Carrington declined to comment specifically on claims that the firm was planning to cut up to 50 equity partners in Australia but said the number of equity partners would “ebb and flow”.
His reaction follows a report in The Australian Financial Review that over the next month Carrington would likely inform between 20 and 50 local equity partners that they were being asked to leave or de-equitised.
He told The Lawyer this morning (1 February): “We are committed to being a full-service firm in the sense of the services we offer. We wish to remain a leading domestic law firm. People will come and go for a variety of different reasons. We don’t see that the overall number of partners is going to change in any substantial way.”
He said 2012 had been a difficult year, leading to “adjustments”. In December it emerged the firm was cutting jobs in Australia amid difficult market conditions (13 December 2012).
Carrington said: “Like a lot of firms we made some adjustments, but nothing particularly substantial. Indeed, other Australian businesses have done that.”
The firm is currently in an interim period between non-financial tie-up going live last year and the planned vote on a full financial merger in early 2014.
A partner cull Down Under has been viewed as a likely exercise to bring the Australian business in line with Ashurst’s UK arm amid other moves to integrate the firms financially.
When originally announcing the tie-up in September 2011, Ashurst senior partner Charlie Geffen said no “reshaping” of Blakes was necessary as the deal would increase revenue for the Australian offices. However, comparable average profit per equity (PEP) was a condition of the full merger all along (26 September 2011).
Blakes’ PEP was within 10 per cent of Ashurst’s at the time, Geffen said in September 2011. The gap is now smaller, Carrington said.
Australian domestic firm Blake Dawson switched from an all-equity partnership roughly three years ago prior to its 2012 tie-up with Ashurst.
Carrington said: “We changed our process over three years ago, before we announced the merger, and we had a decline the number of equity partners and an increase in the number of what we call fixed-income partners.”

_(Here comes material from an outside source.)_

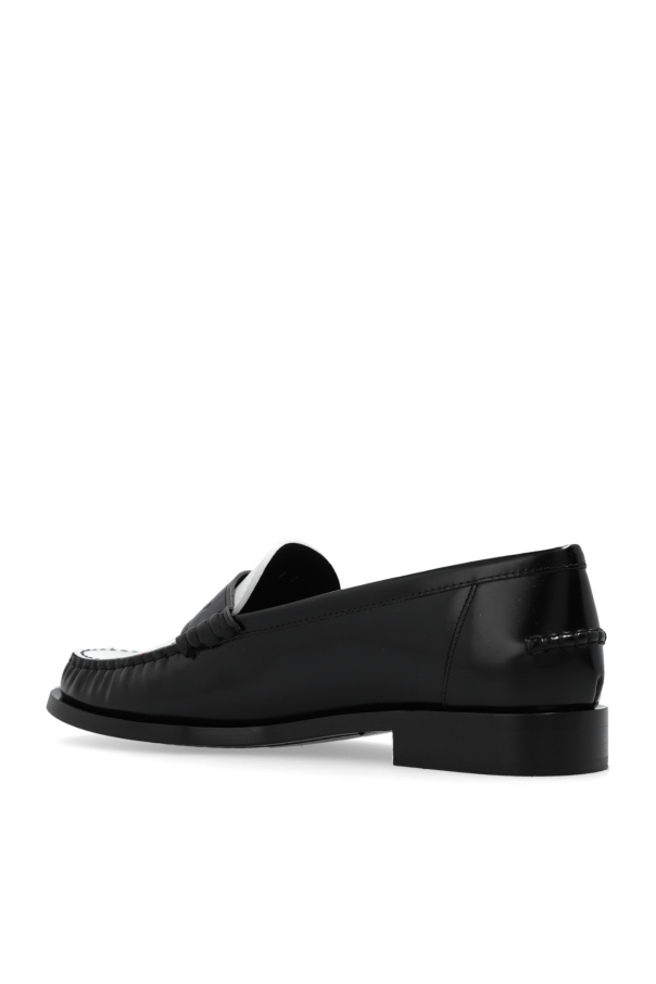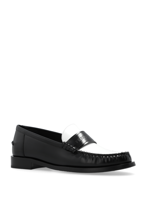 Black and white ‘Irina’ loafers from FERRAGAMO. Made of patent leather, this model sits on a black leather sole and showcases an embossed logo on the front.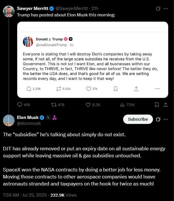 然而,馬斯克對此并不買賬。他逐條反駁了特朗普的帖子。

The decision was taken because it was “increasingly difficult to bring in younger partners”, he said.
He added: “The ratio between fixed-income partners and equity partners will ebb and flow. We’re managing our business in accordance with our local market,” adding that legacy Blakes’ revenue was only marginally down on this time last year. At the moment it’s a far more optimistic outlook in Australia than 15 months ago.”
The firm said it has 190 partners and 800 lawyers in Australia. It has a total of 132 equity partners and 57 salaried partners across Australia and the legacy Blakes arm in Asia, which combined with Ashurst’s Asian business last year, according to The Australian Financial Review.
The firm has appointed a team of partners to work on financial alignment, which will report back to colleagues at the annual partner retreat taking place in Paris at the end of this month.
In another alignment exercise, the UK arm revamped its capital structure by asking partners to put capital into the firm up front for the first time. Blakes partners already invested in the firm in this way, but Ashurst partners’ previously saw a proportion of profits held back instead (10 September 2012).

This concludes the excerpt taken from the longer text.